Transcribe exactly, and without pictures, the lines from the one that contains "Слайд 43ПОВЫШЕНИЕ ПРОФЕССИОНАЛЬНОГО" through the last line of the material.

## COLLECTED DATA
*** Block opens ***

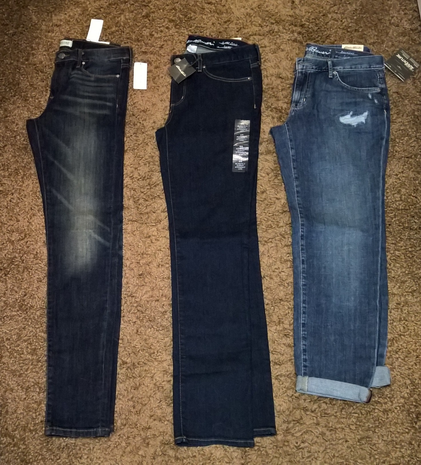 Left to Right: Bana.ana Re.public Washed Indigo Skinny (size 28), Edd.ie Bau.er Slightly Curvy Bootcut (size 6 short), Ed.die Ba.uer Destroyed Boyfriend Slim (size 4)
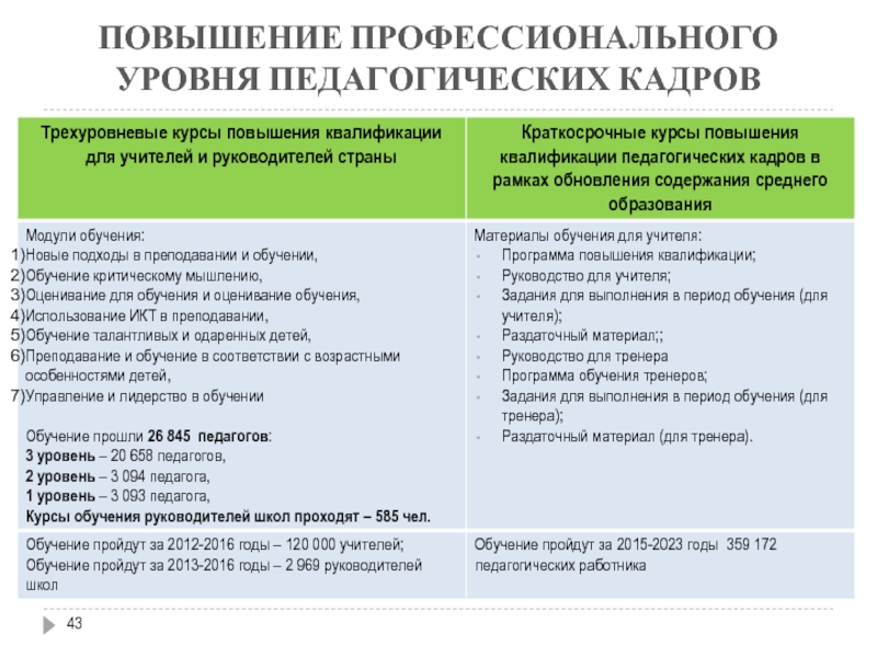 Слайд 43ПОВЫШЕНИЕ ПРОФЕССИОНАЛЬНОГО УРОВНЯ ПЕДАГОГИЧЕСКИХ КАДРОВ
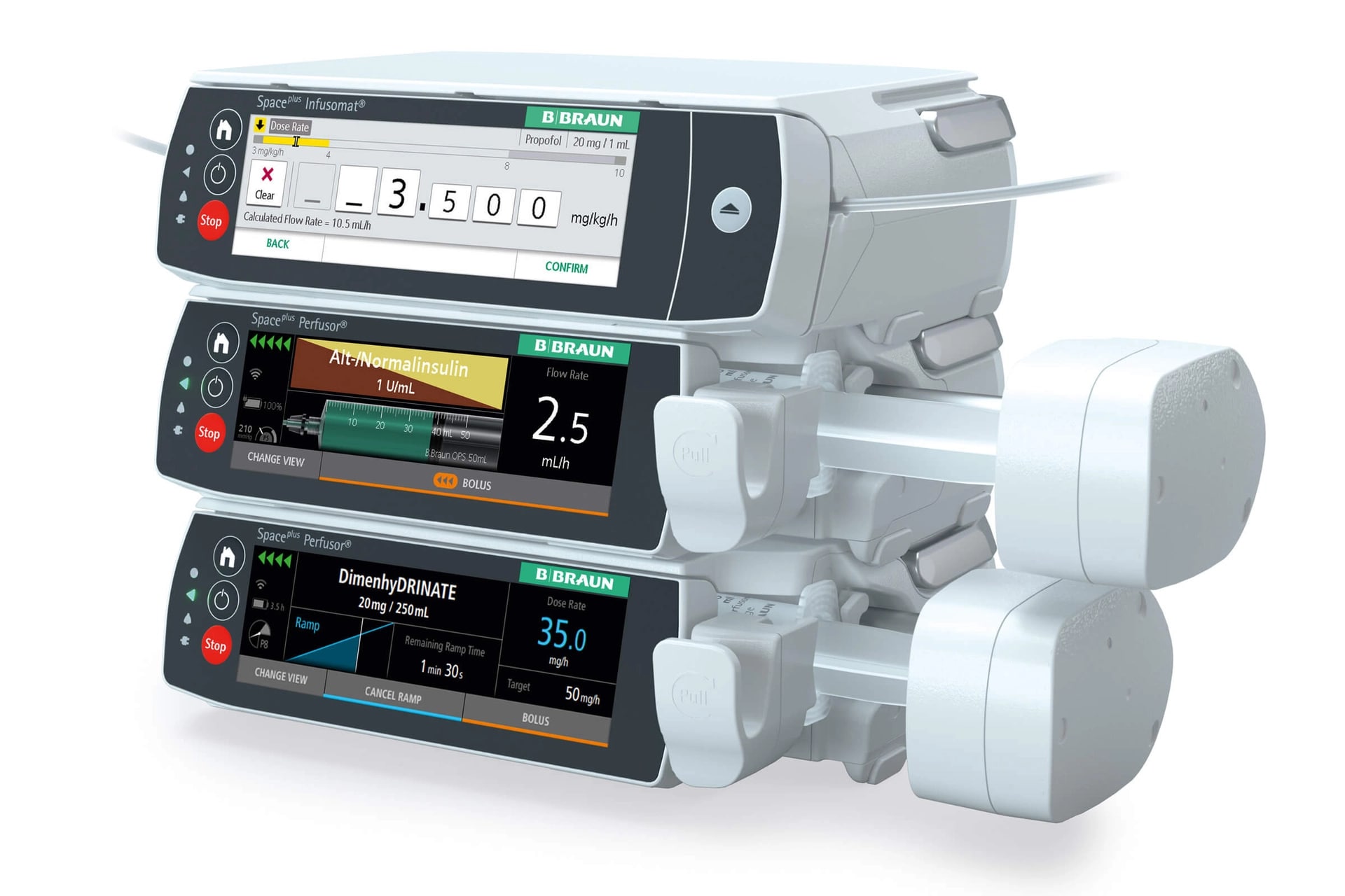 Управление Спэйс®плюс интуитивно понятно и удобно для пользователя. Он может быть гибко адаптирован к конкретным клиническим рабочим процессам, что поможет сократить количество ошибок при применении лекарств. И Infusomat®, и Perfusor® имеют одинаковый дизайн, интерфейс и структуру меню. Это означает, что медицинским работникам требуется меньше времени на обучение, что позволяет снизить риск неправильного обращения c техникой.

*** Block closes ***

## ANSWER BOX
 Слайд 43ПОВЫШЕНИЕ ПРОФЕССИОНАЛЬНОГО УРОВНЯ ПЕДАГОГИЧЕСКИХ КАДРОВ
 Управление Спэйс®плюс интуитивно понятно и удобно для пользователя. Он может быть гибко адаптирован к конкретным клиническим рабочим процессам, что поможет сократить количество ошибок при применении лекарств. И Infusomat®, и Perfusor® имеют одинаковый дизайн, интерфейс и структуру меню. Это означает, что медицинским работникам требуется меньше времени на обучение, что позволяет снизить риск неправильного обращения c техникой.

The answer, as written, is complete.